Vanilla And Blueberry Buttermilk Crumb Cake
This delightful blueberry lemon crumb cake is a perfect balance of sweetness and zesty flavors. With a light and fluffy texture, this cake is bursting with fresh blueberries and topped with a lemony crumb mixture, adding a delightful crunch to every bite. Enjoy this cake as a delightful treat for breakfast or dessert, paired with your favorite beverage.
— Constant Cookbook
Ingredients
- 2 cups AP flour, plus 2 tbsp
- 1 tsp baking powder
- 1 tsp baking soda
- 1 tsp salt
- 8 tbsp unsalted butter, at room temp
- 1 ¼ cup white sugar
- 2 tbsp fresh lemon zest
- 1 large egg
- 1 egg yolk
- 1 Vanilla Bean, seeds removed
- 1 cup buttermilk ** If you don’t have buttermilk on hand, just use regular milk with a squeeze of lemon juice added into it**
- 2 cups fresh blueberries
- 1 cup AP flour
- 1 cup light brown sugar
- 1 tsp sea salt
- 2 tbsp fresh lemon zest
- 8 tbsp unsalted butter, melted
- Cake
- 2 cups AP flour, plus 2 tbsp
- 1 tsp baking powder
- 1 tsp baking soda
- 1 tsp salt
- 8 tbsp unsalted butter, at room temp
- 1 ¼ cup white sugar
- 2 tbsp fresh lemon zest
- 1 large egg
- 1 egg yolk
- 1 Vanilla Bean, seeds removed
- 1 cup buttermilk ** If you don’t have buttermilk on hand, just use regular milk with a squeeze of lemon juice added into it**
- 2 cups fresh blueberries
- Topping
- 1 cup AP flour
- 1 cup light brown sugar
- 1 tsp sea salt
- 2 tbsp fresh lemon zest
- 8 tbsp unsalted butter, melted
Instructions
- Preheat your oven to 350°F. And toss the blueberries with the 2 tablespoons of flour and set aside.

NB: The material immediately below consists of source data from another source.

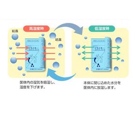 ●高湿度時には湿気を吸収し、低湿度時には湿気を放出する可逆性により、一定の湿度に調整します。この調湿動作により長期間、除湿効果が持続し、結露対策などに効果があります。
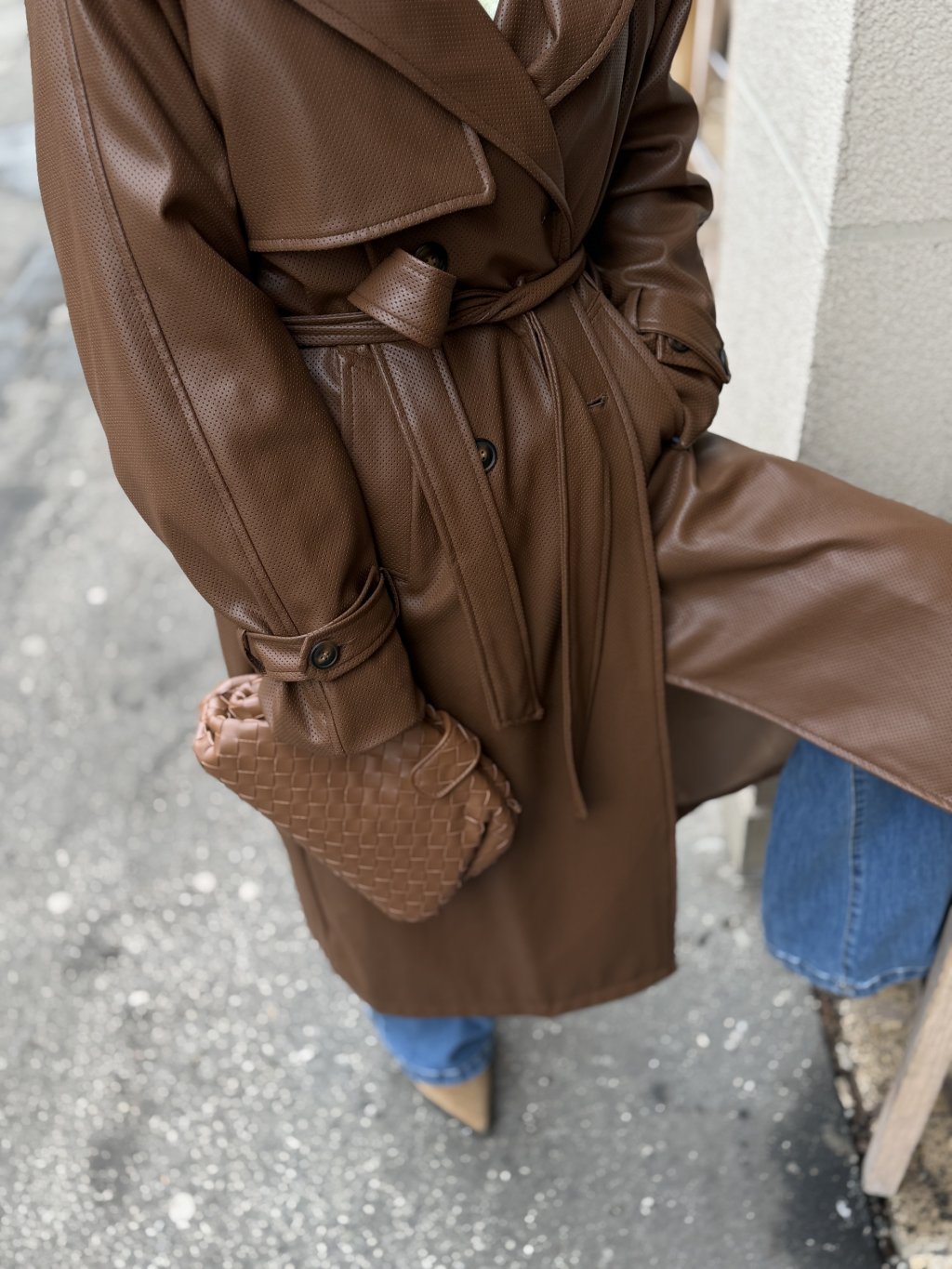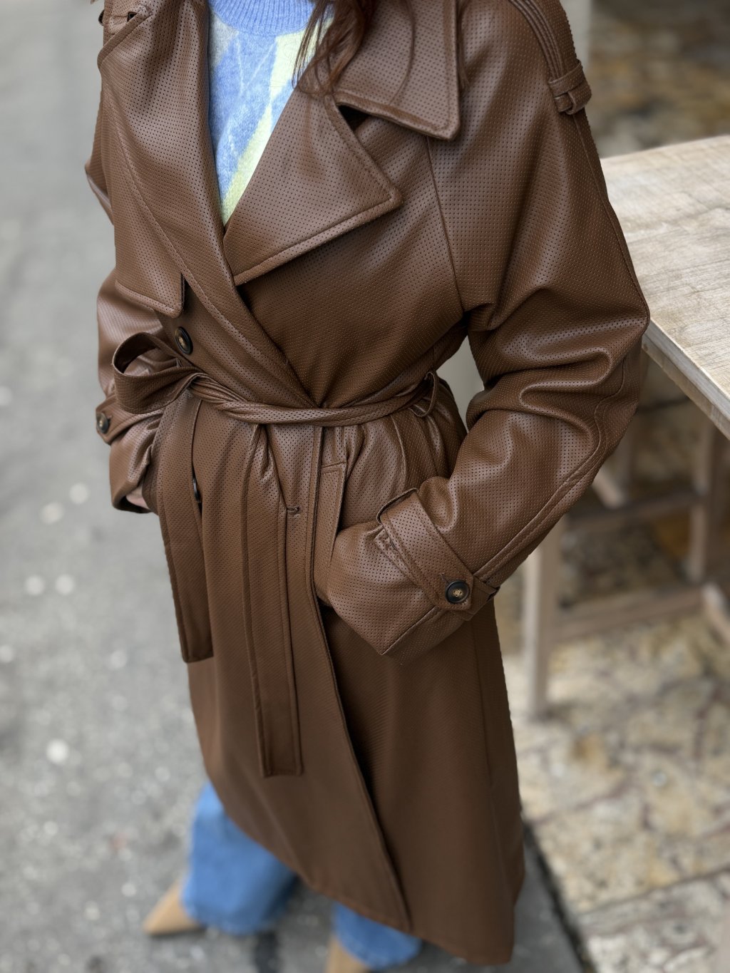 Hnedý odtieň pôsobí mäkšie než klasická čierna, no zachováva rovnakú univerzálnosť. Tento prechodný trenchcoat je ideálny pre ženy, ktoré majú rady nadčasové kúsky s moderným twistom a chcú kabát, ktorý bez problémov obstojí v meste, v práci aj počas voľných dní.
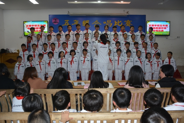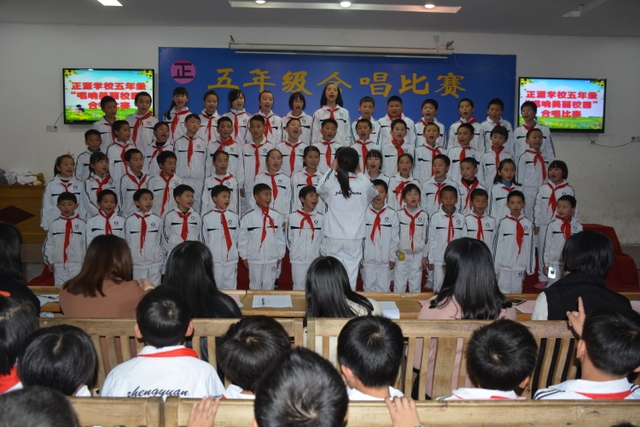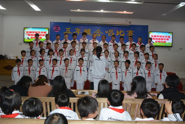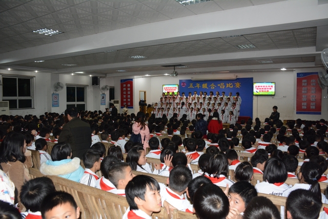 为了展示我校实施素质教育的丰硕果实,活跃校园艺术氛围,提高合唱水平,激发学生热爱祖国、热爱学校、热爱生活的感情,用高尚的艺术引导人,用完美的艺术塑造人,小学部安排:以年级为单位举办合唱比赛。12月 6 日晚,五年级以“唱响美丽校园,展现活力风采”为主题,率先拉开了合唱比赛帷幕。
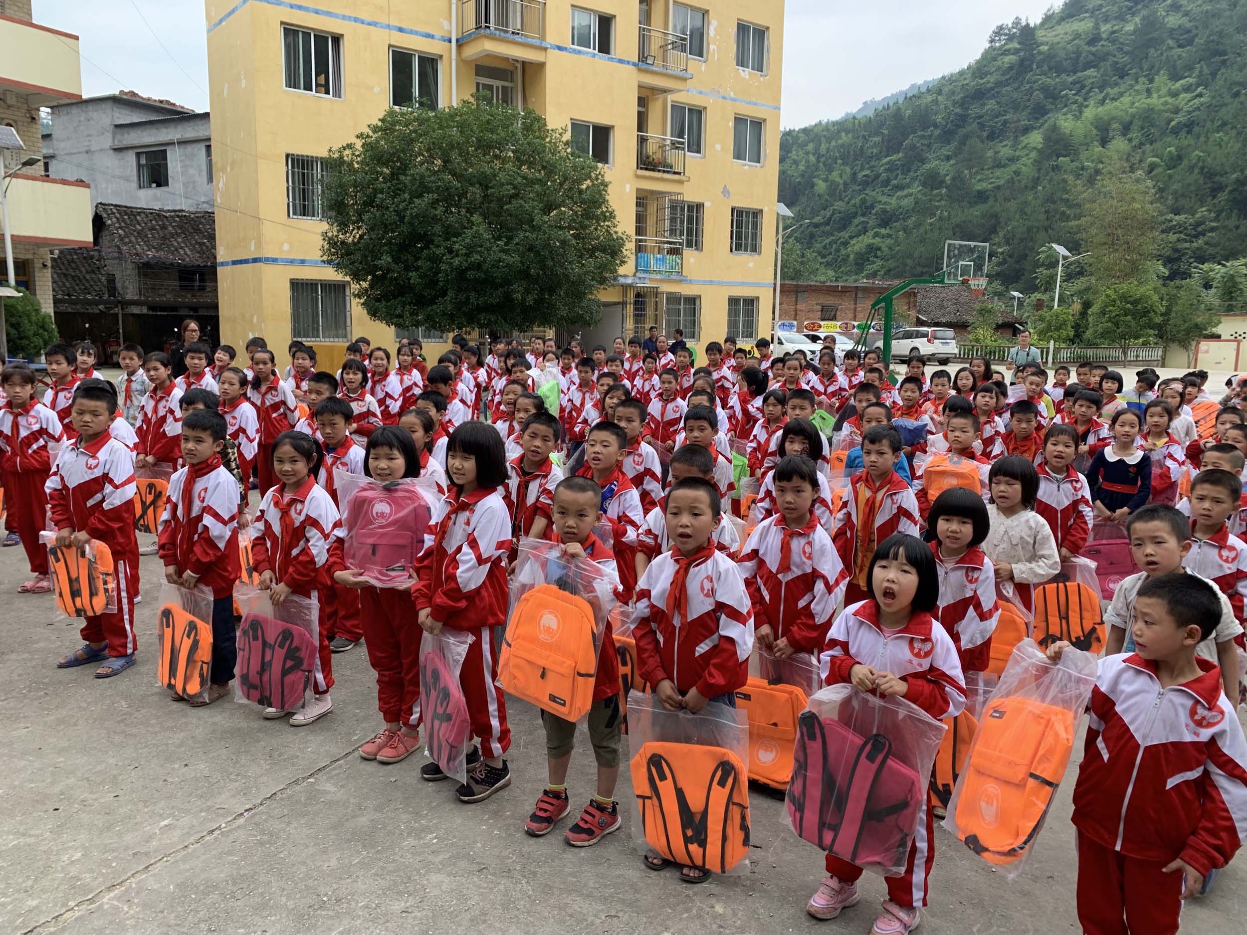 集團副總裁王謀(中)為孩子們發(fā)放書(shū)包
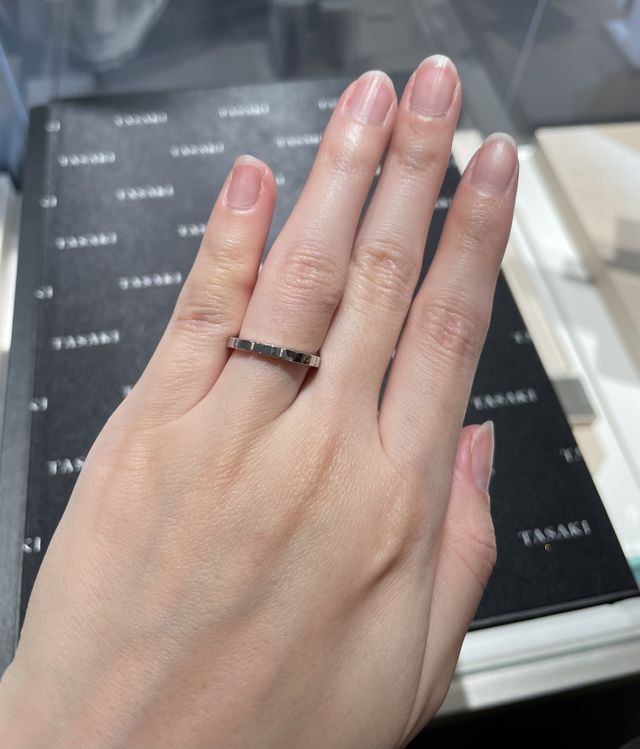 TASAKIのピアノはデザインが珍しく、試してみたい指輪のひとつでした。角張ったデザインではありますが、着け心地はなめらかで違和感はありませんでした。遠目で見るとプレーンなデザインに見えますが、近くで見るとオシャレでとても気に入りました。人と被らないものをお探しの人におすすめです。
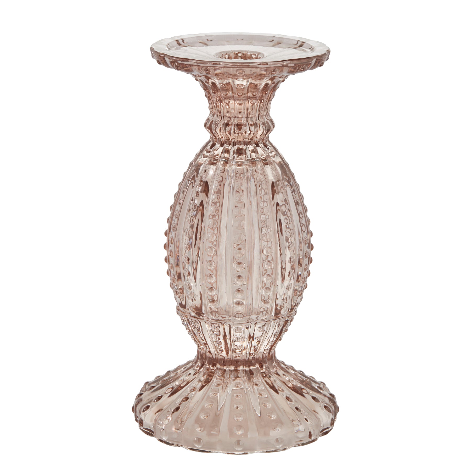 Elegant lyserød buet lysestage med en delikat præget finish.
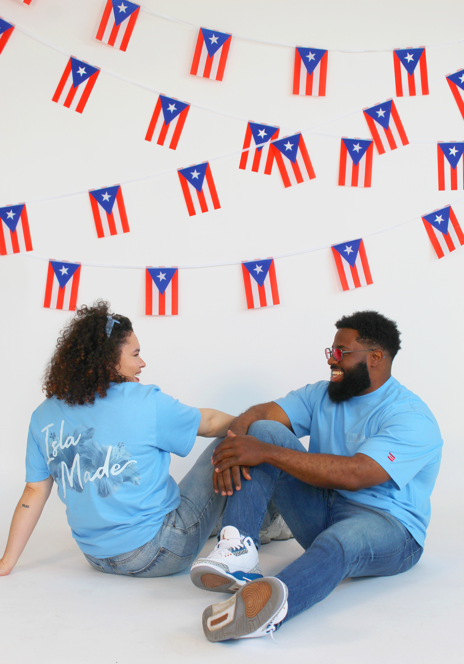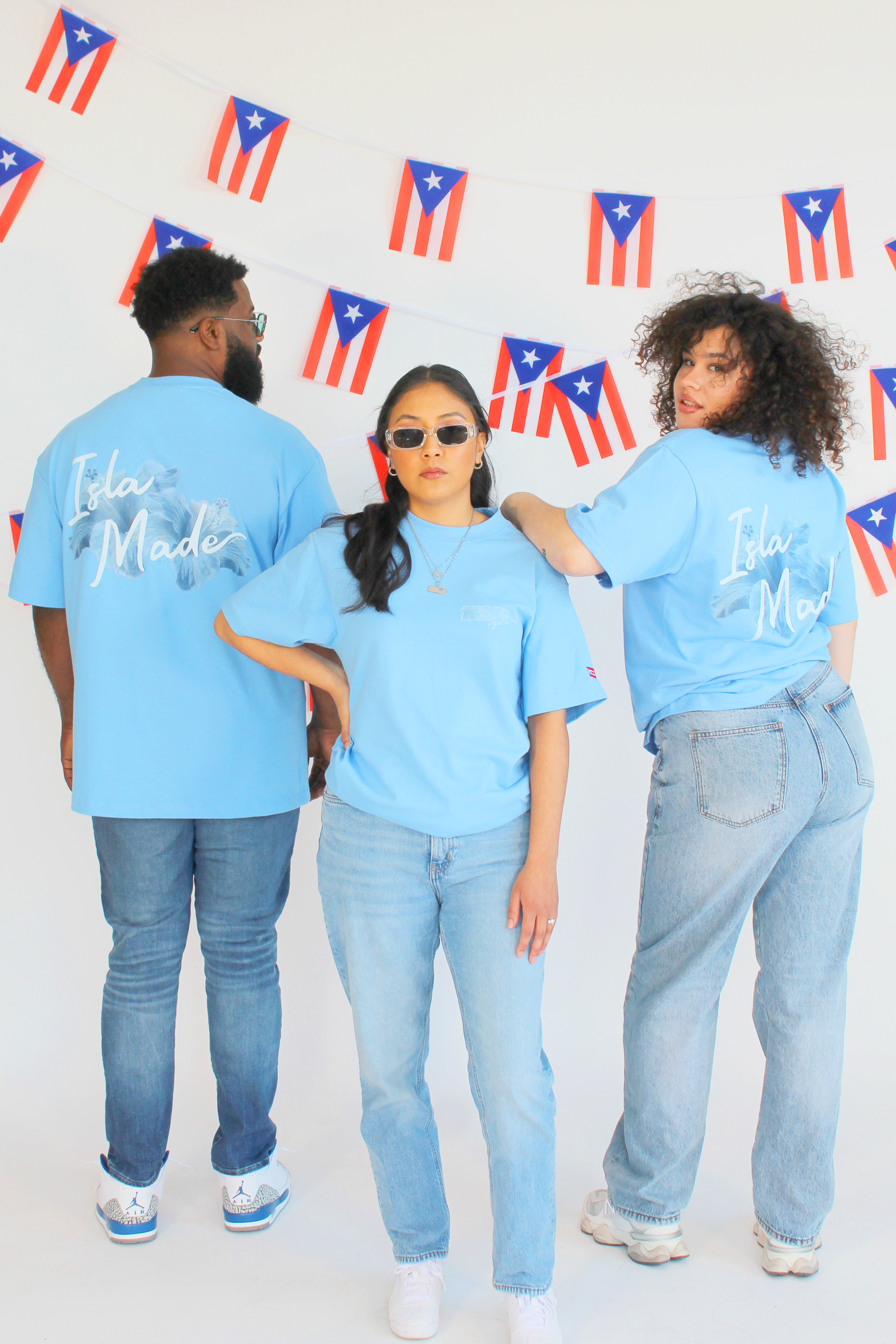 Meet your new go-to, un pedacito de cielo. The Isla Made Top is effortlessly cool, endlessly soft, and thoughtfully designed for Puerto Ricans to wear their pride with style. Wear it to feel connected to your roots, to show your love for Puerto Rico, and to carry a piece of the island with you—no matter where you are. Boricua hasta en la luna.
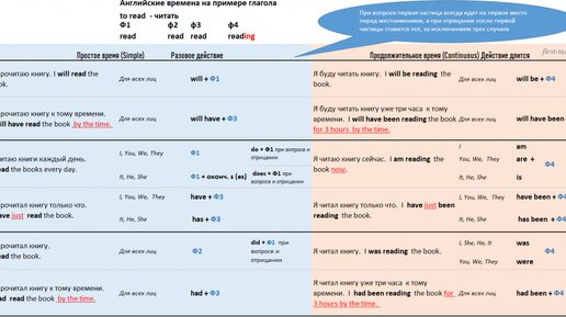 Коротко об английском глаголе Изначально нужно разделить все глаголы в английском языке на три группы: глагол to be, модальные глаголы (их всего несколько штук) и все остальные глаголы. Обычный глагол имеет 4 формы. Ф1 — форма глагола, как в словаре. Ф2 и Ф3 образуется путем прибавления окончания ed к основе глагола, за исключением неправильных глаголов, у которых Ф2 и Ф3 может различаться. Но таких глаголов около 300 штук, вы их легко запомните через практику, так как они самые популярные в речи...
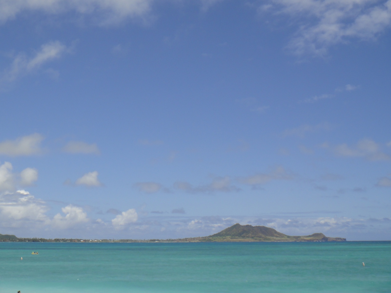 アラモアナからバスと歩きで約1時間掛けて行きました。アラモアナから山を越える時は天気も悪く、ビーチは期待できないと思っていたら、山を下りてカイルアの街に入ると一気に晴れ渡りました。
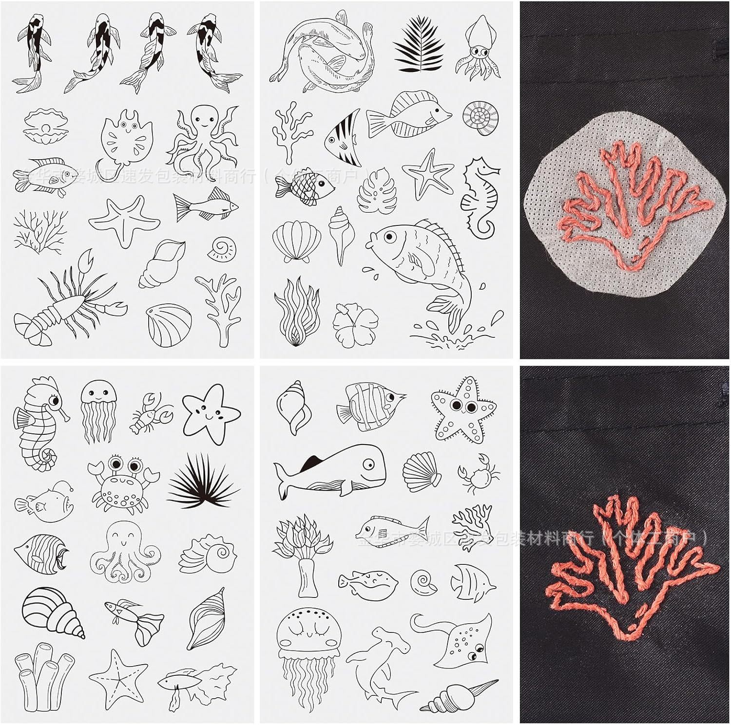 2025新品A4印刷可能海洋生物手刺繍自己粘着シールバックテープ刺繍用水溶性
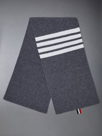 DETAILS & FIT A statement-making essential for cooler months, our Cashmere Rib 4-Bar Scarfis adorned with Thom Browne's signature 4-Bar Stripes. 4-bar stripe detail Signature striped grosgrain loop tab at one end 100% Cashmere Made in Italy MKS026A-00011-025 - WIDTH: 28.0cm - Length: 225.0cm

- In a small bowl, combine the flour, baking powder, baking soda, and salt and set aside.
- In a large mixer cream together the butter and sugar for 2-3 minutes. Add the zest, eggs, and vanilla and beat well for an additional 2-3 minutes making sure to scrape down the sides.
- Alternate adding the flour, and the buttermilk until all is combined, making sure to scrape down the sides during the process. Stir in the floured blueberries.
- Butter and flour 2 cupcake tins. Divide the batter evenly into each cupcake mold.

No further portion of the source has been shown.